One of the most glorious things in my life happened this morning. Our sweet little energetic Chloe bounded out of bed early on a Saturday morning and offered her “sous chef” skills. She requested permission to prepare herself bread with almond butter and jelly.
Before I go any further, you should know that I am neurotic about MY kitchen. It comes from my background working with food, when cooking happened in a clean white jacket and everything was organized and labeled, it’s a system not everyone appreciates like I do, particularly 6 year olds.
My bed was warm and my back ached, so I granted permission and off she went. I prepared myself for a sticky counter and jars with missing lids, realistic expectations go a long way when finding balance with the force that is Chloe.
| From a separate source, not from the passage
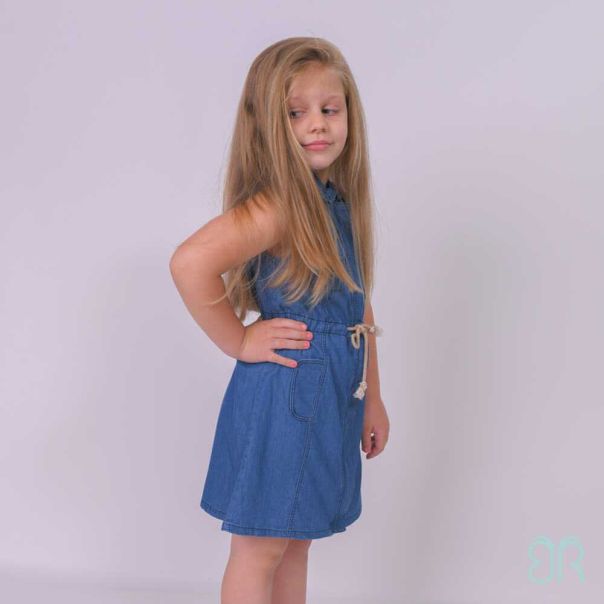 Teksas haljina sa kragnom bez rukava, skrivenim kopčanjem i rajsferšlusom sa prednje strane.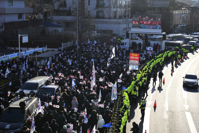 Hơn 1.200 người ủng hộ ông Yoon tập trung bên ngoài dinh thự của Tổng thống, chỉ trích lệnh bắt "không hợp pháp và vô giá trị". Họ giơ những biểu ngữ kêu gọi bắt lãnh đạo phe đối lập Lee Jae-myung.

I went down and much to my surprise, there was no evidence that my little sous chef had been in my domain. I asked her where the jelly was. She opened the door to the fridge and said “mise en place!” It was a miracle, she does hear what I say! It was so much more though. Everything does have its place and that’s why I’ve been struggling with October.
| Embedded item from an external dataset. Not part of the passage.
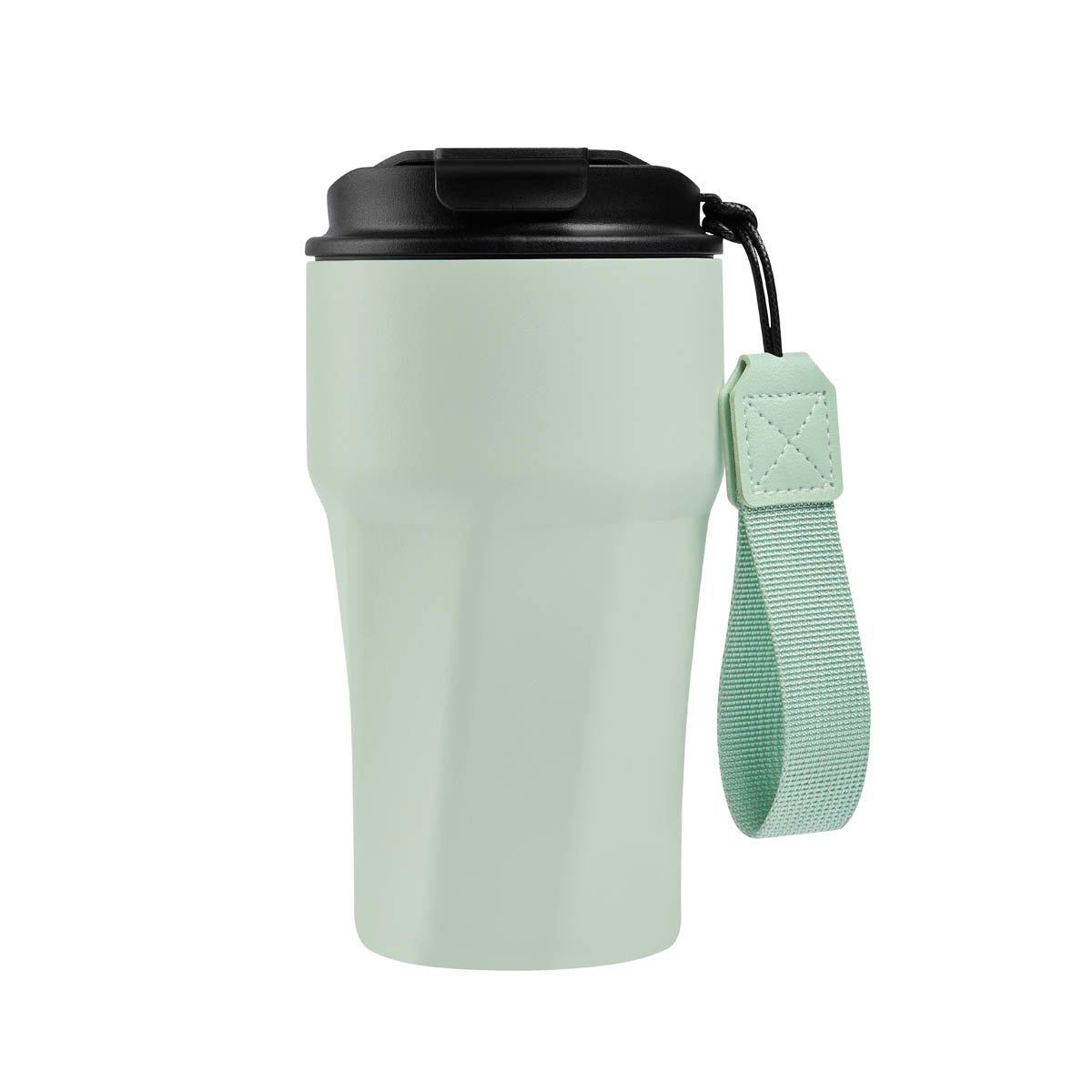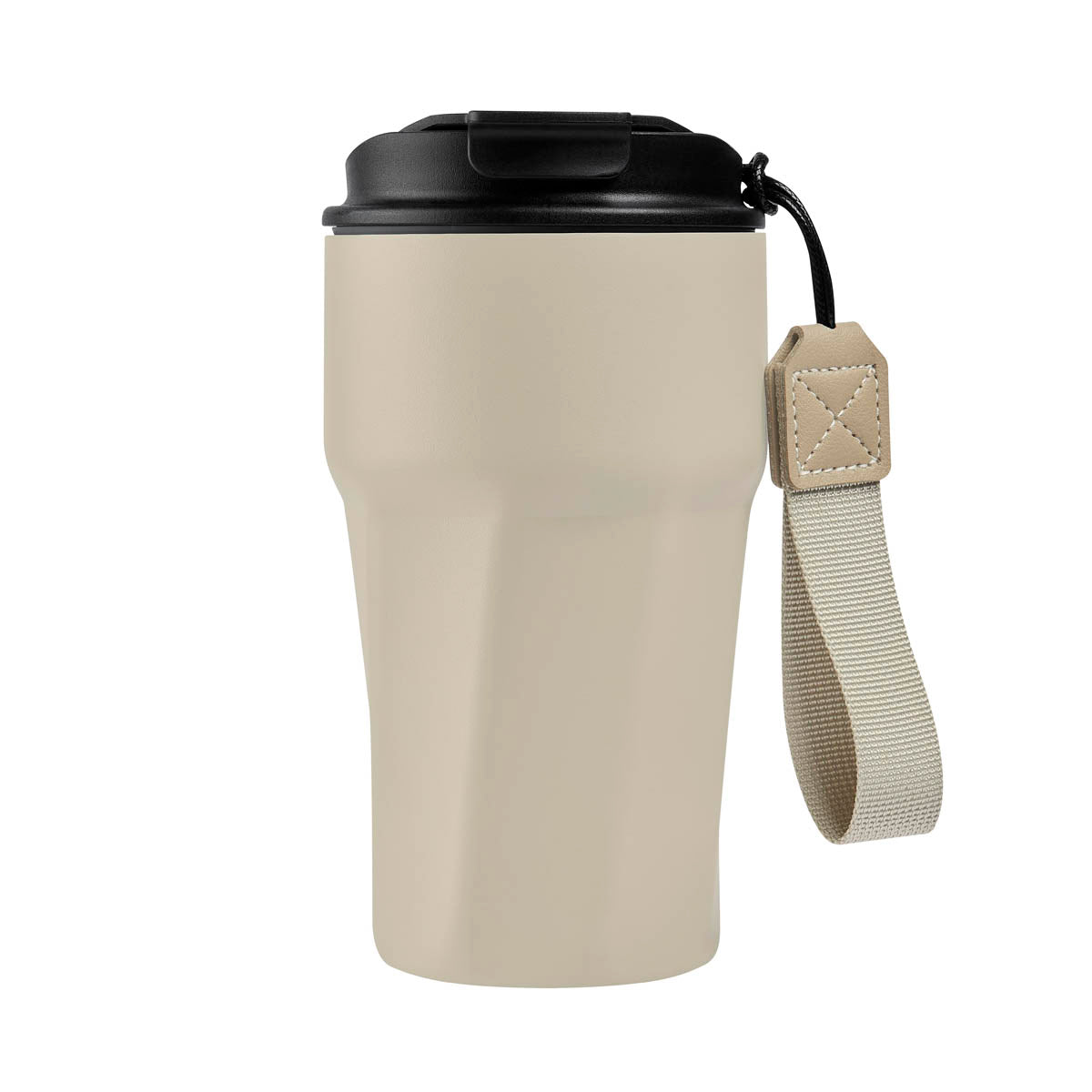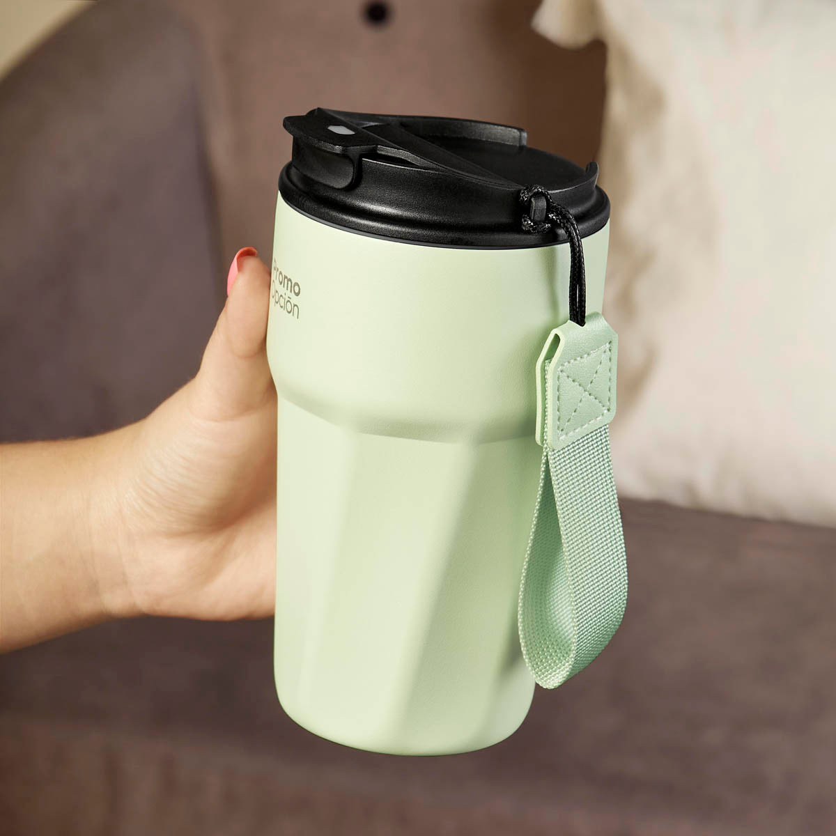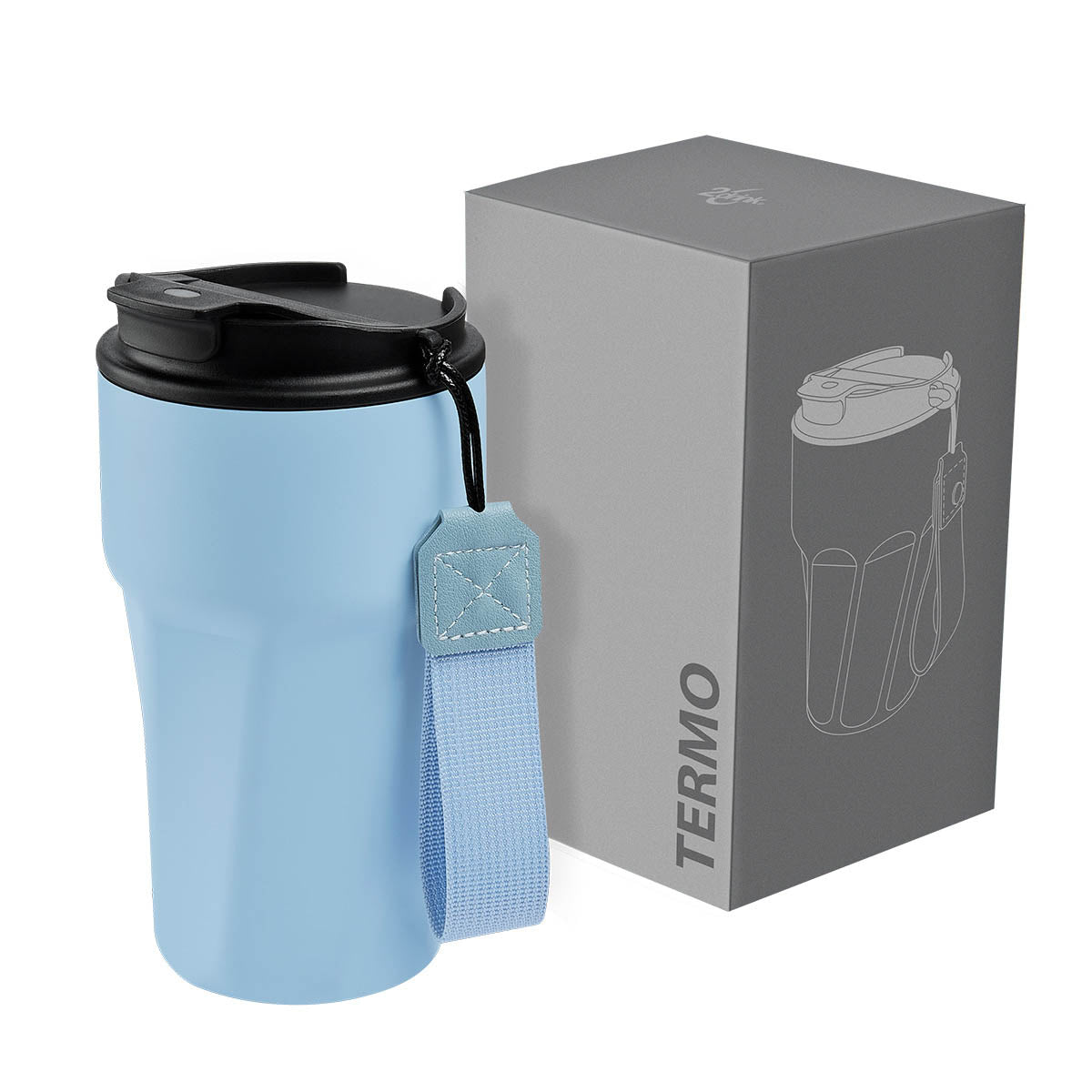 Termo doble pared. Cerrado al vacio. Pared interna y externa de acero inoxidable. Terminado rugoso tipo powder. Tapa de plastico con cierre de rosca, sobretapa con sistema push para evitar derrames. Ademas, cuenta con un asa de poliester para una comoda transportacion. Mantiene la temperatura caliente por 8 hrs y temperatura fria por 12 hrs. Capacidad de 15 Oz. Base de 7.2 cm de diametro. Incluye caja individual.

Eight years ago when Claire was diagnosed with RTT October was Rett Syndrome awareness month. An article in the paper actually led to us meeting other families, it was a point in time that raising awareness was crucial. This year I have struggled to raise awareness as it feels like I talk about Rett all year-long, I don’t want to be the person who just talks about their issues and constantly takes. Yet the slow constant stream of progress needs to be shared.
I am working to find a new place for Rett syndrome in our life. It ‘s not in the center and it certainly won’t dominate an entire month for me. It’s always going to be there, guiding many of our decisions, setting some boundaries and testing our limits. I don’t have an answer for this today but I do know that I am looking for a new place for Rett Syndrome, everything deserves it’s place, just not in the center.
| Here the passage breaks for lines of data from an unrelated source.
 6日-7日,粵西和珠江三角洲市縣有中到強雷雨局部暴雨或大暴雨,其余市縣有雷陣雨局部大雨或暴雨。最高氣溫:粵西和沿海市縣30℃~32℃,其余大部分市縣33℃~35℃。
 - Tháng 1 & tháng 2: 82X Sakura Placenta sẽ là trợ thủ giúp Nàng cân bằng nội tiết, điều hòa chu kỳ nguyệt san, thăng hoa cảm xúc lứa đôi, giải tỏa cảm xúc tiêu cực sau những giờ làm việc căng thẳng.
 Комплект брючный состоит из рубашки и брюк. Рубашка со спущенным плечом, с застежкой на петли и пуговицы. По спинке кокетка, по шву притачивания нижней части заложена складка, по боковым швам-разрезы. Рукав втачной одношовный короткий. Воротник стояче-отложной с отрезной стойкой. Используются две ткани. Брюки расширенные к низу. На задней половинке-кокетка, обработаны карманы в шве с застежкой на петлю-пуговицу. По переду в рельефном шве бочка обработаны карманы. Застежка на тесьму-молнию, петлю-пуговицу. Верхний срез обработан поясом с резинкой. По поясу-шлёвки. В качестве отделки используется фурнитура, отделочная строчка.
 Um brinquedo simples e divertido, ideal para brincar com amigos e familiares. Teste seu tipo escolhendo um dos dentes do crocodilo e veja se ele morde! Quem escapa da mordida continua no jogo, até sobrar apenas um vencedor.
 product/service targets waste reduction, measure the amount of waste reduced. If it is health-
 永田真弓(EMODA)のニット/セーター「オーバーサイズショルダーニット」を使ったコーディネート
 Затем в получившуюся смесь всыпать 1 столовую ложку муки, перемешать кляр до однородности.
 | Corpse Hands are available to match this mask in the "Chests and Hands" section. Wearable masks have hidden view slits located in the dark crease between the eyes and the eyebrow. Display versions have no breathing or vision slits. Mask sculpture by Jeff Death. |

2 thoughts on “Mise En Place”
We are in sync lately you and I. I too couldn’t commit to crusading as I have in years’ past. I’ve been too exhausted watching as Eva claws consciousness back from the seizures that were robbing 85% of her waking moments. Thank God the medicine that probably wouldn’t work did work. Now, she’s 75% cognizant and I’m glad.
But now I feel exposed, and tired just from writing that to you and our friends here. And I don’t want to feel that way all the time. Raw, showing where I’m bleeding.
So I posted the Today Show and I pointed out what month it is. And I think that’s going to have to be enough. Because you and I Colleen, we cannot give more or better than our best. And I love your best best and your worst best.
Um, that was me, Rebecca Wood. Sorry. Too many accounts over here.